» TASK TO COMPLETE
From the first line of the data below through the line bearing "Immunofluorescence of UHRF1BP1", reproduce each line exactly; do not include pictures.

» COLLECTED DATA
::::::::
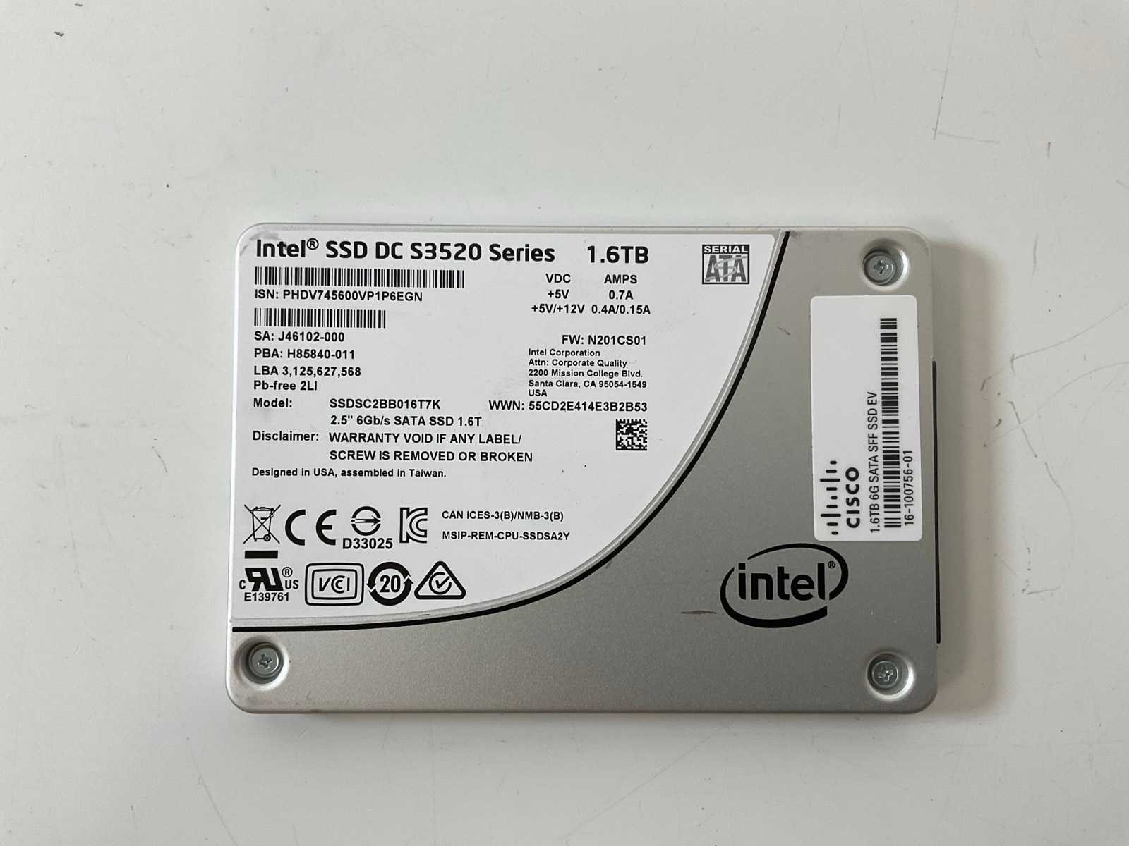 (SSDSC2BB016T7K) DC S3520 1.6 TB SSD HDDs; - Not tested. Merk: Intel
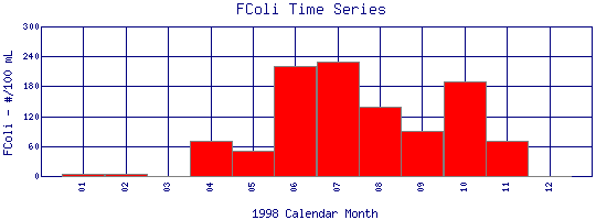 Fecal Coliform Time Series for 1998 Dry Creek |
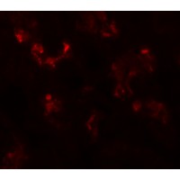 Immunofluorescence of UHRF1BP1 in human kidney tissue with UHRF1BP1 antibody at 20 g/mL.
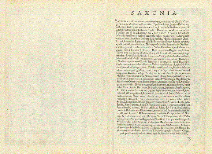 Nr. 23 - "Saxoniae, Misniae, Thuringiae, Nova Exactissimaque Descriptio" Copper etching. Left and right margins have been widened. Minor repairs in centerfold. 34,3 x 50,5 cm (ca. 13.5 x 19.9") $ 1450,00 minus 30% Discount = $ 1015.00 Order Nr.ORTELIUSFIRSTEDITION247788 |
::::::::
» YOUR RESPONSE
 (SSDSC2BB016T7K) DC S3520 1.6 TB SSD HDDs; - Not tested. Merk: Intel
 Fecal Coliform Time Series for 1998 Dry Creek |
 Immunofluorescence of UHRF1BP1 in human kidney tissue with UHRF1BP1 antibody at 20 g/mL.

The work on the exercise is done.